● WHAT NEEDS TO BE DONE: As the answer, set down the lines below from the one containing "ALSAGER STORE RADWAY" through the one containing "Notes: See Figure 1 for the country codes.", exactly and inclusively, and no others.

******************************

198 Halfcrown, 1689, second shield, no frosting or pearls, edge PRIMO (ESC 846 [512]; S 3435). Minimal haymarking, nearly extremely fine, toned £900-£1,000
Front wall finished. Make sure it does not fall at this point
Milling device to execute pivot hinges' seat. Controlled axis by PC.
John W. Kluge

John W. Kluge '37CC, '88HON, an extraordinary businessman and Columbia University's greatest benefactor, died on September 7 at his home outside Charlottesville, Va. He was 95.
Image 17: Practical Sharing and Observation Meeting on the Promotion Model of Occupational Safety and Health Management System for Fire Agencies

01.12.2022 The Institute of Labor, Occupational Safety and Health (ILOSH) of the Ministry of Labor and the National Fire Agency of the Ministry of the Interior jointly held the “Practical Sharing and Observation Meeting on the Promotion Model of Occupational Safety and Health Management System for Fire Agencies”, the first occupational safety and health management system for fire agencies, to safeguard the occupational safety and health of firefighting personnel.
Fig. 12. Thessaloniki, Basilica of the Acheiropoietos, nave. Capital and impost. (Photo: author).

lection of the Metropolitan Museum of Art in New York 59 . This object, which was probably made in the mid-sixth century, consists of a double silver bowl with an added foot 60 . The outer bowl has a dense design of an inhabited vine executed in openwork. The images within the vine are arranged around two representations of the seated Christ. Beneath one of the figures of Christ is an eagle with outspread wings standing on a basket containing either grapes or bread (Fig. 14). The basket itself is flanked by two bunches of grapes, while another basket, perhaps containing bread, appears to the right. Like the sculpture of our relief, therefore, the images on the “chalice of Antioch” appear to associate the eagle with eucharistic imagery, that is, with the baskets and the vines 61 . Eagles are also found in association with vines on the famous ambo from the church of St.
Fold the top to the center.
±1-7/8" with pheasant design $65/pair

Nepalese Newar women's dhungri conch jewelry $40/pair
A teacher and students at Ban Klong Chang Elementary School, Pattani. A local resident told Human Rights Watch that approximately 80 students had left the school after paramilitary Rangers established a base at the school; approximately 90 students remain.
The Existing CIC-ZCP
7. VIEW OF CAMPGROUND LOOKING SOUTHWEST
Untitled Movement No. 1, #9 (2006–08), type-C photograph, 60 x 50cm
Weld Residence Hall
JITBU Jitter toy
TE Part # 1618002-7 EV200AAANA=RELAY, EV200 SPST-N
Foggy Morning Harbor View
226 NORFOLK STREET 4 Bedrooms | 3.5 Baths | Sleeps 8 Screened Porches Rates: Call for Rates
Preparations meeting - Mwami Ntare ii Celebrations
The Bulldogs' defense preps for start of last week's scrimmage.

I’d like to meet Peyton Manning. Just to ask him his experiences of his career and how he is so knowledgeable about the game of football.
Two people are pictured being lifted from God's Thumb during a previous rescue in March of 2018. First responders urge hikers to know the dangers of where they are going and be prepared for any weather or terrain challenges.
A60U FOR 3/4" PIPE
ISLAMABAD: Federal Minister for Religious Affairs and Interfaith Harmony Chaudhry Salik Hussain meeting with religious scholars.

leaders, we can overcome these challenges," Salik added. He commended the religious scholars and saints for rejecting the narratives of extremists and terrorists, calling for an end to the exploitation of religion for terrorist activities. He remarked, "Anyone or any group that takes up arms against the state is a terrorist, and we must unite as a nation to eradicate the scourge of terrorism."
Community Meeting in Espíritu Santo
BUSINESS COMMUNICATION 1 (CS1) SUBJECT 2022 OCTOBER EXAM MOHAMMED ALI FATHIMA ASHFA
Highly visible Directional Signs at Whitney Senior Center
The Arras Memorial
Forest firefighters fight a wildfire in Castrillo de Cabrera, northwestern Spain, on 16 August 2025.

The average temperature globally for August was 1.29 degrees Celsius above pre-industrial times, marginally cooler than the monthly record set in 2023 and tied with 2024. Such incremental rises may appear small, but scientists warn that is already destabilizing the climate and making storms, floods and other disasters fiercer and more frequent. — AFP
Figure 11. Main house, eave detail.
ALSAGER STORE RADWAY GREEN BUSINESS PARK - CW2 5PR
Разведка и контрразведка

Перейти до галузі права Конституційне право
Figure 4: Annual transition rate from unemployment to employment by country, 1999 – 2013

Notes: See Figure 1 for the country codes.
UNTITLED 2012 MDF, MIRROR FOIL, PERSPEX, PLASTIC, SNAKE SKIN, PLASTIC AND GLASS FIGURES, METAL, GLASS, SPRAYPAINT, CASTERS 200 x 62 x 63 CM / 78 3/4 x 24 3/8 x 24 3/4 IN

******************************

● EXERCISE SOLUTION:
ALSAGER STORE RADWAY GREEN BUSINESS PARK - CW2 5PR
Разведка и контрразведка

Перейти до галузі права Конституційне право
Figure 4: Annual transition rate from unemployment to employment by country, 1999 – 2013

Notes: See Figure 1 for the country codes.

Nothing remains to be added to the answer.